Mohs micrographic surgery is becoming the mainstay of therapy for eccrine carcinomas.[11] Specific surgical treatments administered (as described in isolated case reports) for a few eccrine carcinoma subtypes are detailed below.

  • Microcystic adnexal carcinoma (MAC): A review of the world literature, which included 13 previously unpublished cases, reported 73 cases of MAC treated with Mohs; 39 of these were followed for more than 2 years with only 4 recurrences (89.7% success rate).[15] A later review of 10 cases of MAC treated with Mohs reported disease free periods of 23.3 months, compared to one recurrence with standard surgical excision.

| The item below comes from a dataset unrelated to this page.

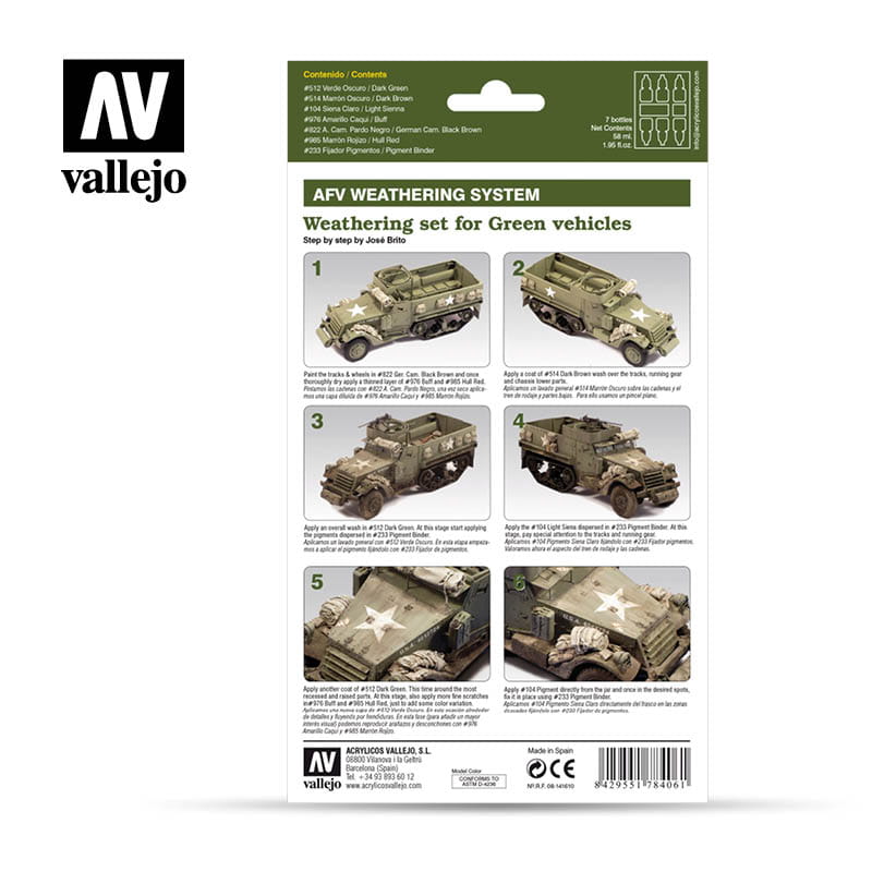 Zestaw do weatheringu pojazdów w zielonych kolorach. Zawiera 7 buteleczek (3 farby po 8 ml, 1 pigment, 1 pigment binder, 2 washe) Załączona instrukcja krok po kroku.

  • Eccrine porocarcinoma: In a review of 9 cases from 1986-1996, 8 were treated with wide excision and 1 was treated with radiotherapy (RT); only 1 of the excisional cases and the RT case recurred.[16]
  • Malignant eccrine spiradenoma: A few case reports exist of this tumor treated with wide excision with or without radiation therapy. However, long-term data are scant.
  • Aggressive digital papillary adenocarcinoma: Wide excision or amputation of the affected digit has been advised.
  • Primary cutaneous adenoid cystic carcinoma: A report on 8 patients treated with wide excision noted 3 recurrences (time period unspecified) with 1 patient lost to follow-up.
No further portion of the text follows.